In Champaign County, a fugitive slave named Ad White resisted the attempt of the slavehunters to take him, in 1857, and fired upon one of the United States marshals, whose life was saved by the negro’s bullet striking against the marshal’s gunbarrel. The people and their officers took the slave’s side, and the case was fought in and out of court. The sheriff of the county was brutally beaten with a slungshot by the marshal who had so narrowly escaped death himself, and never take a thousand dollars for him; the money was promptly raised and paid over, and White lived on unmolested.

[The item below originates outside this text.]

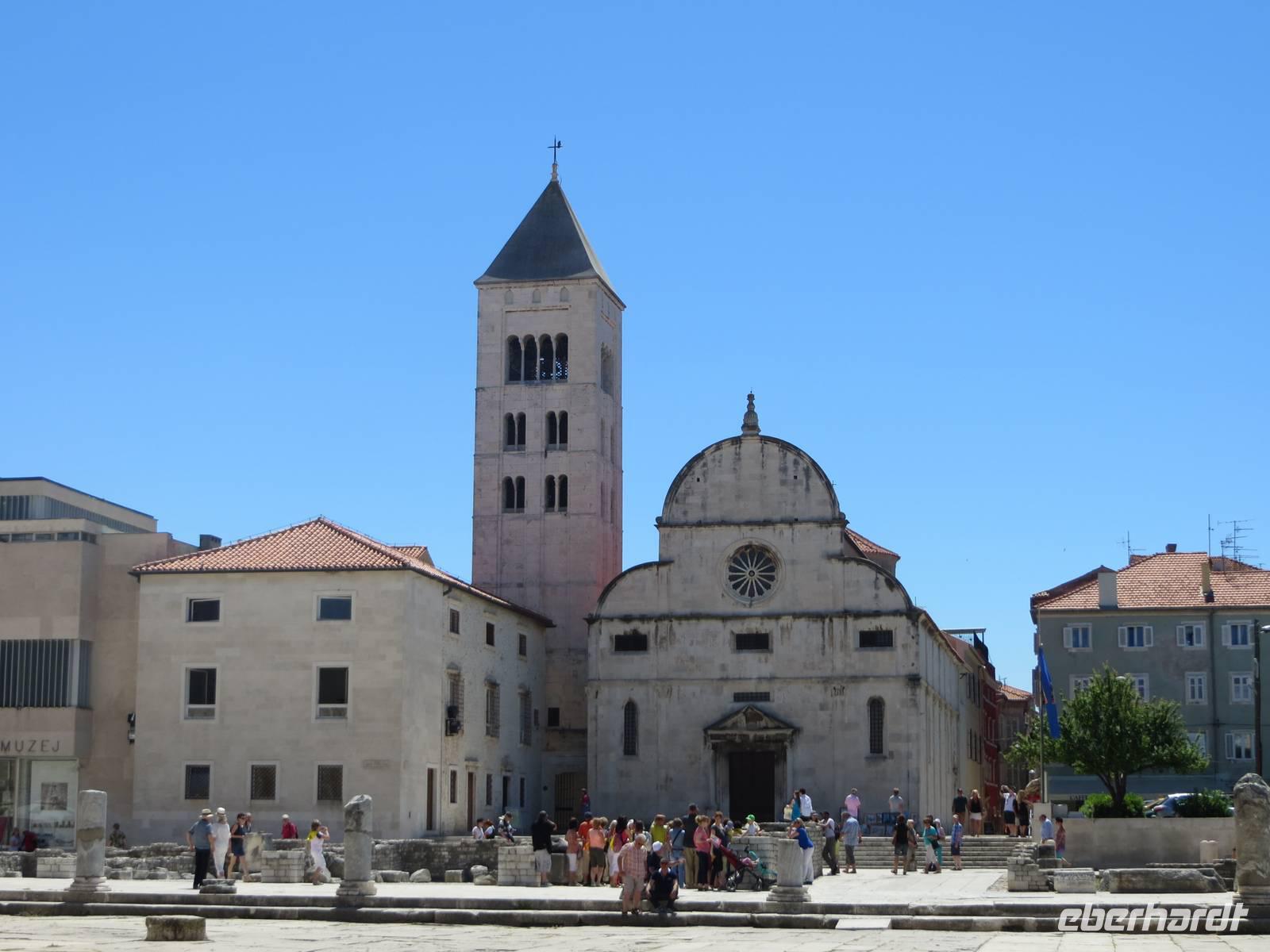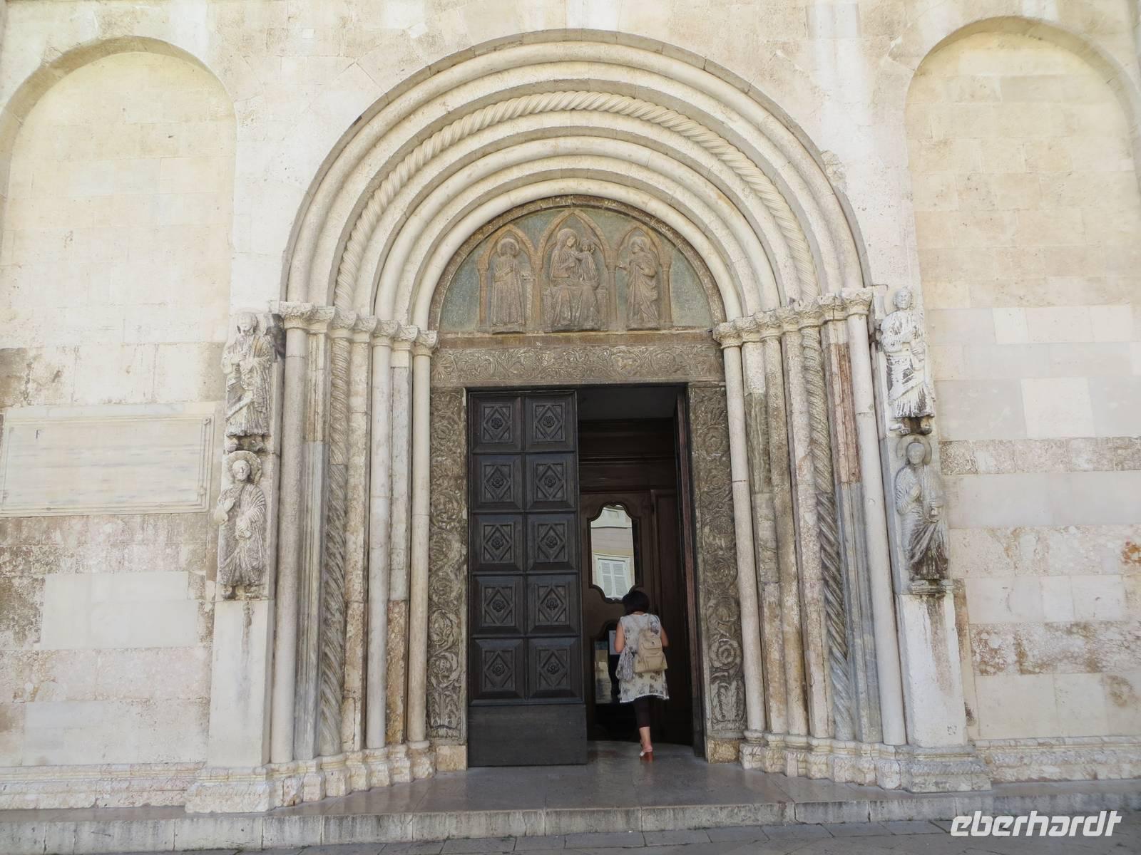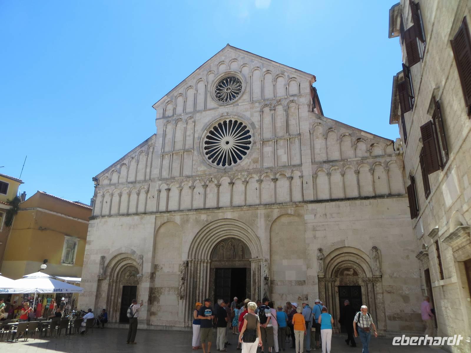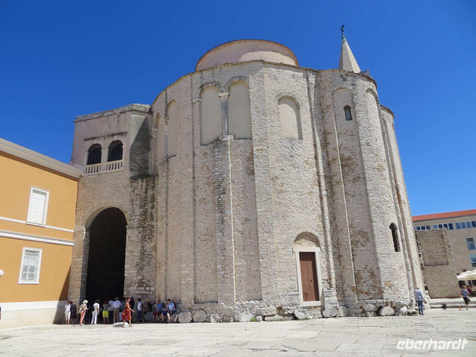 Anschließend bestaunten wir im Benediktinerkloster den Gold- und Silberschatz der Stadt, den die Benediktinerinnen immer wieder versteckten und so bis heute in seinem Umfang bewahren konnten. Unser Stadtspaziergang führte uns nun vorbei an der zweigeschossigen Rundkirche des Heiligen Donat, durch das römische Forum zur Domkirche der Heiligen Anastasia. Nach einer kurzen Stippvisite begaben wir uns durch das Sveti-Rok-Tor, eines der alten Stadttore, hinaus aus der Altstadt.

As late as the summer of 1860 a fugitive slave was arrested near Iberia, in Morrow County. A party of young men caught one of the marshals and shaved his head, while others beat his comrades. Rev. Mr. Gordon, President of Ohio Central College, stood by trying to prevent the punishment, but he alone was arrested. He was sentenced to prison, where he lay till Lincoln pardoned him. The pardon did not recognize his innocence, and he would not leave his cell until his friends forced him to do so. By this time the damp jail air had infected him, and he died, shortly after, of consumption.